I'm using Internet Connect VPN (PPTP) into my work.  However, when I do so access to the internet through Safari or Explorer slows & pretty much dies (most,  not all, sites often, not always, time out).

Is there a way to keep it so that I've got the VPN for using Citrix or Terminal Server into the office & collecting my email into Mail, while at the same time NOT using the VPN for the rest of my internet access?

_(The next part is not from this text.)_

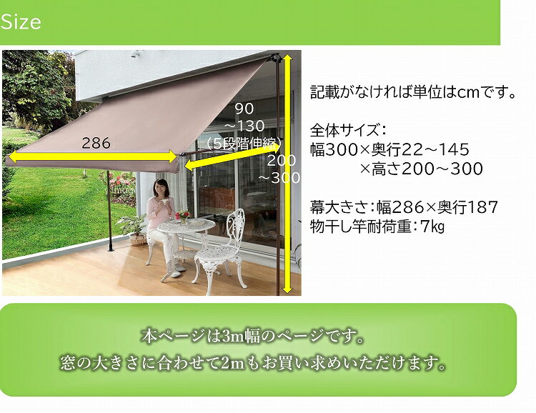 商品スペック サイズ 約幅303×奥行22〜145×高さ200〜300cm 素材 支柱・アーム:スチール天幕:ポリエステル(UVカット加工) 物干し竿:ステンレス・スチール 機能 物干し竿耐荷重:7kg 備考 2階以上への設置はご遠慮ください前幕付きの3mはこちらから! 前幕なしの2mはこちらから! 前幕なしの3mはこちらから! 前幕付きの2mはこちらから! 前幕付きの3mはこちらから! その他、日よけ、サンシェードはこちらから!!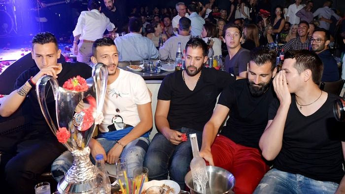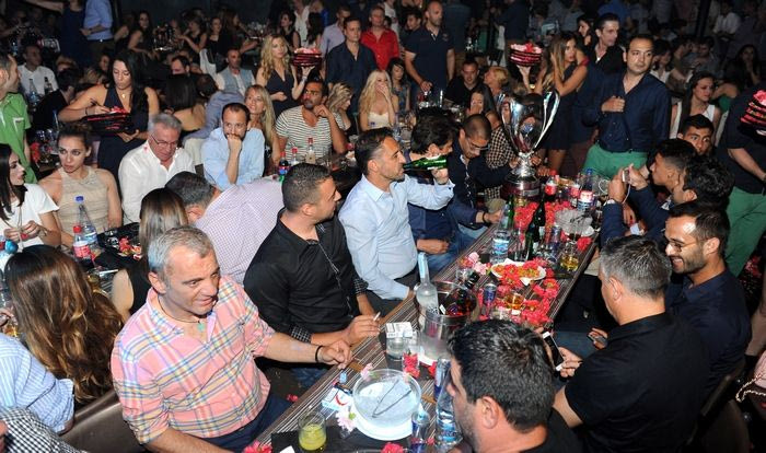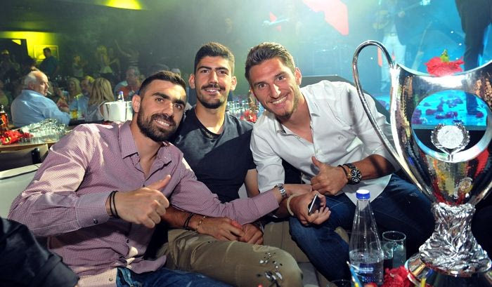 Ο Ολυμπιακός πανηγύρισε την κατάκτηση του 17ου νταμπλ της ιστορίας του και το γιόρτασε δεόντως. Οι ερυθρόλευκοι συγκεντρώθηκαν σε νυχτερινό κέντρο το βράδυ του Σαββάτου και το γλέντησαν αλά ελληνικά.

Help would be very much appreciated!


----------



## pikester (May 2, 2003)

Piece o' cake! Here's a script I use to do just that:


> #!/bin/bash
> # Setup Gateway information
> VPN_GATEWAY=`netstat -r | grep "pptp0" | grep "UH" | awk '{print $1}'`
> LOCAL_GATEWAY=192.168.0.1
> ...


A few extra notes:

I am using a Linksys router to connect to my DSL modem. The LOCAL_GATEWAY is the IP address I've assigned to the router. If you don't use a router, just go to the Network Panel to get your IP (let me know if you want to automate getting this in the script).
Route the work addresses through the VPN connection. List out each different subnet that you hit up (my company has several subnets, my list is quite long).
If you are use to accessing your machines with a short name (web vs. web.mycompany.net), you can set that up as well.
[/list=1]
Create the file in your home directory (I call mine vpnme.sh). In the unix terminal, allow yourself and others to run it:
chmod 755 vpnme.sh

When you want to run it:
sudo vpnme.sh
and type in your password again.


----------